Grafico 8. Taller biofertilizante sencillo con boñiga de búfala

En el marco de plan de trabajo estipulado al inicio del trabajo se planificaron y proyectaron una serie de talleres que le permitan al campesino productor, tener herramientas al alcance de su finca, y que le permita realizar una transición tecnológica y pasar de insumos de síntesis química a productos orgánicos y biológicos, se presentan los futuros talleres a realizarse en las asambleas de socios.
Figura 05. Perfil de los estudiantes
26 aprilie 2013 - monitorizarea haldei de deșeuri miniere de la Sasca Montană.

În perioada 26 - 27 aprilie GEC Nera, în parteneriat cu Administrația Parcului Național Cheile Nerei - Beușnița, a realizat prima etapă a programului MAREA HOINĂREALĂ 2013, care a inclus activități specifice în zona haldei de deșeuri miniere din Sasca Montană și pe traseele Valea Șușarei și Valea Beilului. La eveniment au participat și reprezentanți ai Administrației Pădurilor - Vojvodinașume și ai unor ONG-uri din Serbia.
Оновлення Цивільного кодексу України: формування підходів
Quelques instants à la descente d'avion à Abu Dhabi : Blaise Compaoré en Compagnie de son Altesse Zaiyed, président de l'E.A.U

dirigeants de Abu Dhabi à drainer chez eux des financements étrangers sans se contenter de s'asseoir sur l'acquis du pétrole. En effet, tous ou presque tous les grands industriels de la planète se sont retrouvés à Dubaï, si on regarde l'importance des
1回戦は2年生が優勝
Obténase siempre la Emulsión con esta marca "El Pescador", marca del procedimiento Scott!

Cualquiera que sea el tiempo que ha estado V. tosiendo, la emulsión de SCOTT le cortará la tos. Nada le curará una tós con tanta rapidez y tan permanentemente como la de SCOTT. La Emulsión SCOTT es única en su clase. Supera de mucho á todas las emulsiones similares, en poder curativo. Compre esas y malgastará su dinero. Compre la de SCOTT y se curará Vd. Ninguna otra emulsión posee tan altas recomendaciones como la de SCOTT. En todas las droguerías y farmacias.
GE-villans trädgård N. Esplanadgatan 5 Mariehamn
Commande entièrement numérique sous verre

^^^^^^^^^^^^^^^^

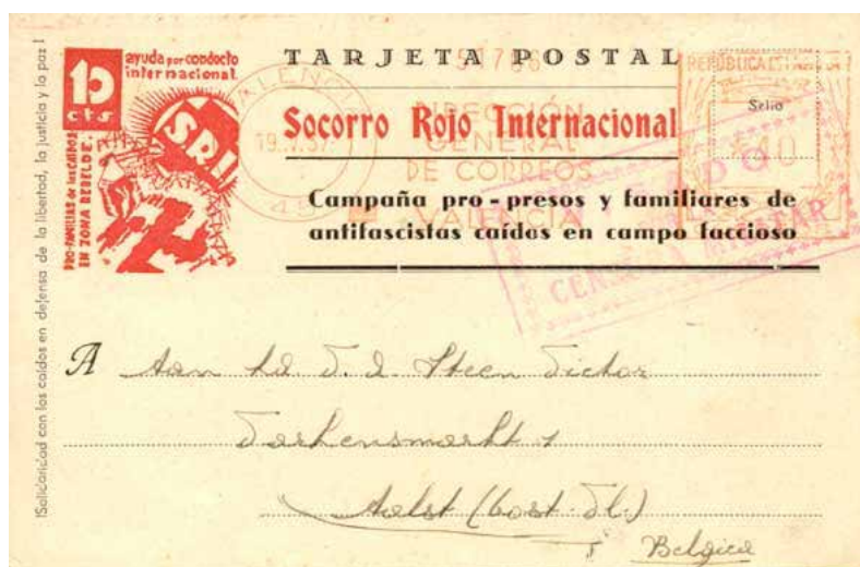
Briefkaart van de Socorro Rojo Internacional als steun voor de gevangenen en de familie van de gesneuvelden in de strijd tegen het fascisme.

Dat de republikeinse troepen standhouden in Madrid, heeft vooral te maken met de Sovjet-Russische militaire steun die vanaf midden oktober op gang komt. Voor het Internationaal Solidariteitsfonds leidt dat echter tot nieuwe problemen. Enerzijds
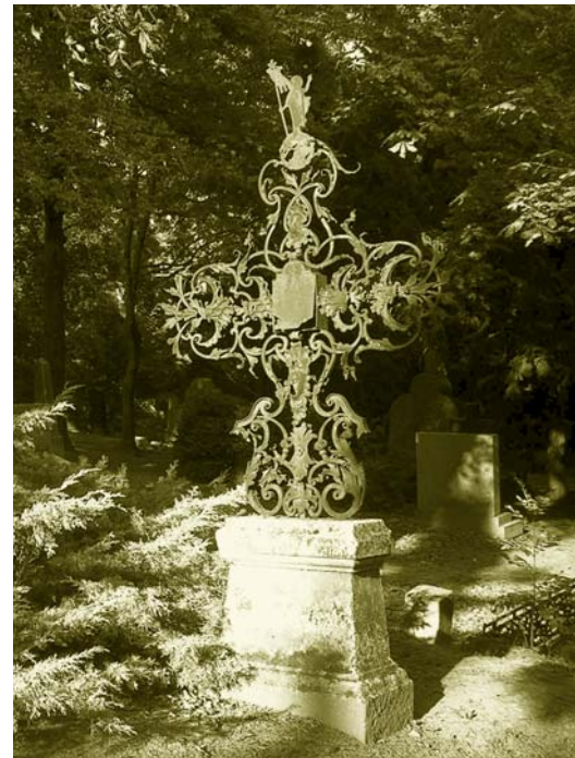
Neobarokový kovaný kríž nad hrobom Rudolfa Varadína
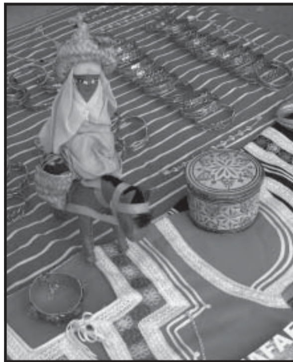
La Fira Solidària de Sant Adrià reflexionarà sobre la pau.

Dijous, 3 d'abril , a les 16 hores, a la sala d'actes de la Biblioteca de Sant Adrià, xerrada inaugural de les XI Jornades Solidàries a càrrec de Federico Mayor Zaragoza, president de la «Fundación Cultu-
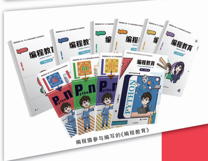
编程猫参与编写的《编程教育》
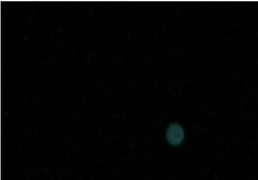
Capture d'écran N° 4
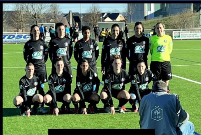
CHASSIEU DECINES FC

^^^^^^^^^^^^^^^^

**ACTION ITEM:**
All lines in the listing above between the line with "Grafico 8. Taller" and the line with "În perioada 26", inclusive, should be set down exactly, and no line outside that range.

**SOLUTION:**
Grafico 8. Taller biofertilizante sencillo con boñiga de búfala

En el marco de plan de trabajo estipulado al inicio del trabajo se planificaron y proyectaron una serie de talleres que le permitan al campesino productor, tener herramientas al alcance de su finca, y que le permita realizar una transición tecnológica y pasar de insumos de síntesis química a productos orgánicos y biológicos, se presentan los futuros talleres a realizarse en las asambleas de socios.
Figura 05. Perfil de los estudiantes
26 aprilie 2013 - monitorizarea haldei de deșeuri miniere de la Sasca Montană.

În perioada 26 - 27 aprilie GEC Nera, în parteneriat cu Administrația Parcului Național Cheile Nerei - Beușnița, a realizat prima etapă a programului MAREA HOINĂREALĂ 2013, care a inclus activități specifice în zona haldei de deșeuri miniere din Sasca Montană și pe traseele Valea Șușarei și Valea Beilului. La eveniment au participat și reprezentanți ai Administrației Pădurilor - Vojvodinașume și ai unor ONG-uri din Serbia.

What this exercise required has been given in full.